My Aunt Rose Mary has appeared in this column before. She was spotted most recently in a gorilla suit, planning to have a little fun and scare some kids on Halloween. Instead she ended up getting chased down the streets of Douglaston, New York by a mob of crazed sixth-graders – they didn’t realize it was one of their friend’s mothers inside the gorilla costume – while being pelted with eggs. This happened in 1974 and her daughter (my cousin) recalled the story for me last October.
But my aunt also had a cameo in this column ten months ago, because of the incredible litany of art supplies she somehow manages to fit into her purse. On any given day, she is likely to have aisle five – all of aisle five – from her local craft store wedged in there. She volunteers at the elementary school near her home and helps six or seven-year-old children figure out how (for instance) to make the teeth on their drawings of piranhas as terrifying as anything inside the giant maw of the great white shark that was built for the movie, “Jaws.”
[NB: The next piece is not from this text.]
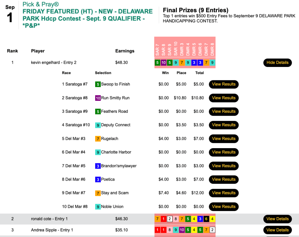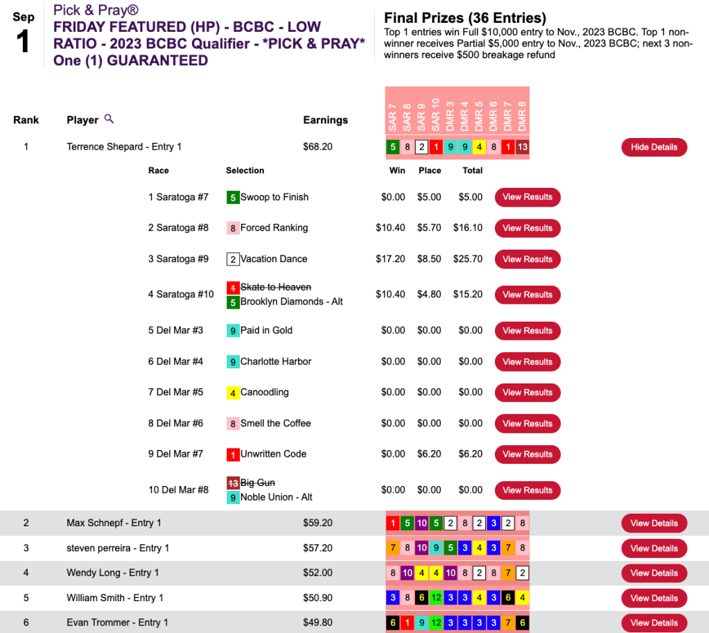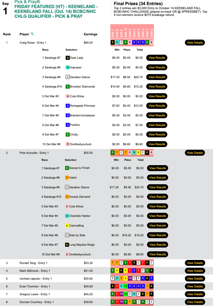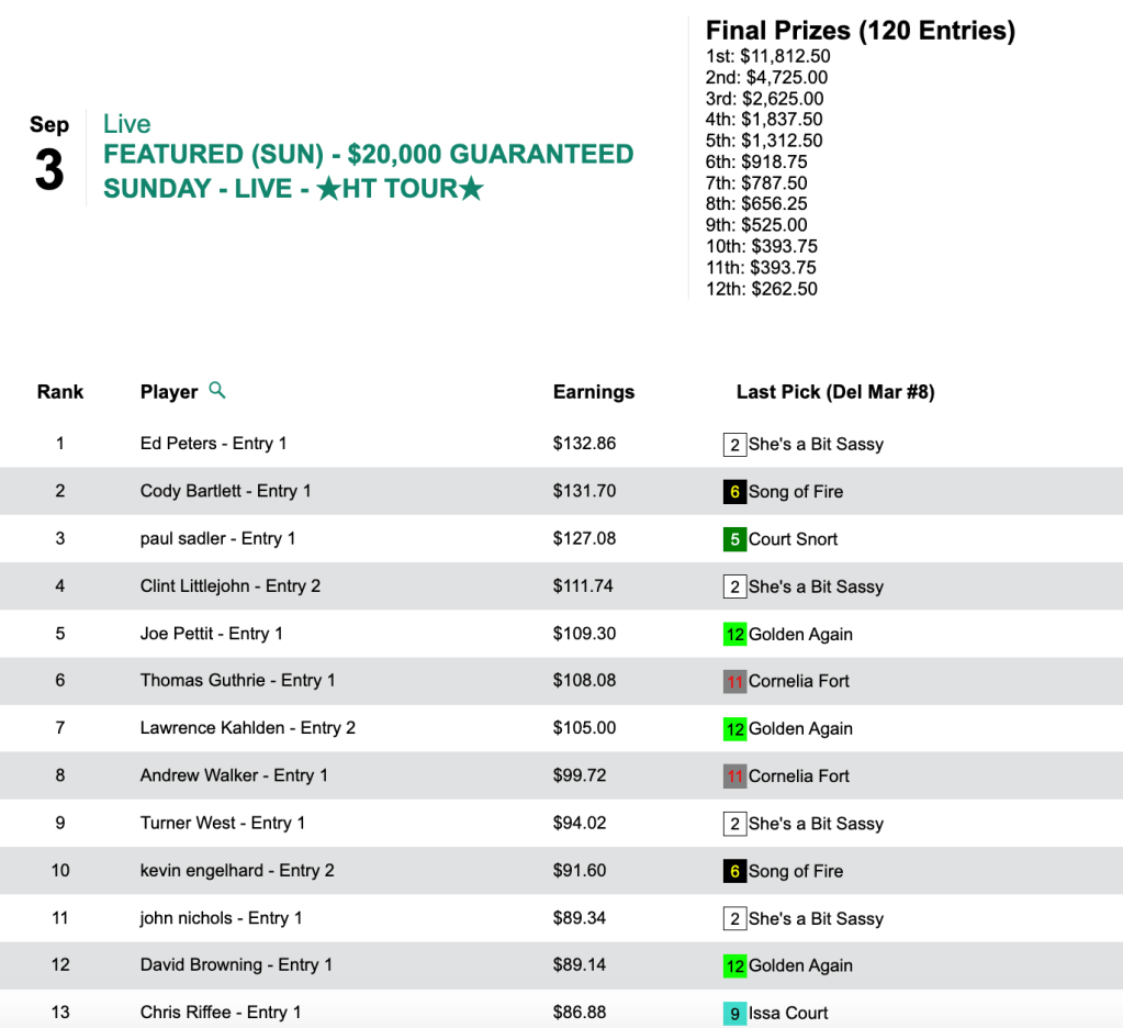 Timothy Jacobs (4 firsts, 3 seconds) picked the winners of the last two races to get up late and take Friday’s HT Tour event, our $15,000 Guaranteed Pick & Pray.

She is my father’s younger (much younger) sister and my entire life has been like a second mother to me. She lives in South Florida and last month we spent a few days together when I was speaking on Sanibel Island.
Now, all families have idiosyncrasies. To paraphrase Tolstoy: Happy families are all alike, but every eccentric family is eccentric in its own way. Same is true for the family’s matriarch or patriarch – the face of the family. And my Aunt Rose Mary? Eccentric in all the best ways. Exhibit A? That gorilla suit story. Arguably, my whole family, the Swedish as well as the Armenian sides, were eccentric in (again, more or less) the best ways. My Aunt Rose Mary and my mother were closer than sisters.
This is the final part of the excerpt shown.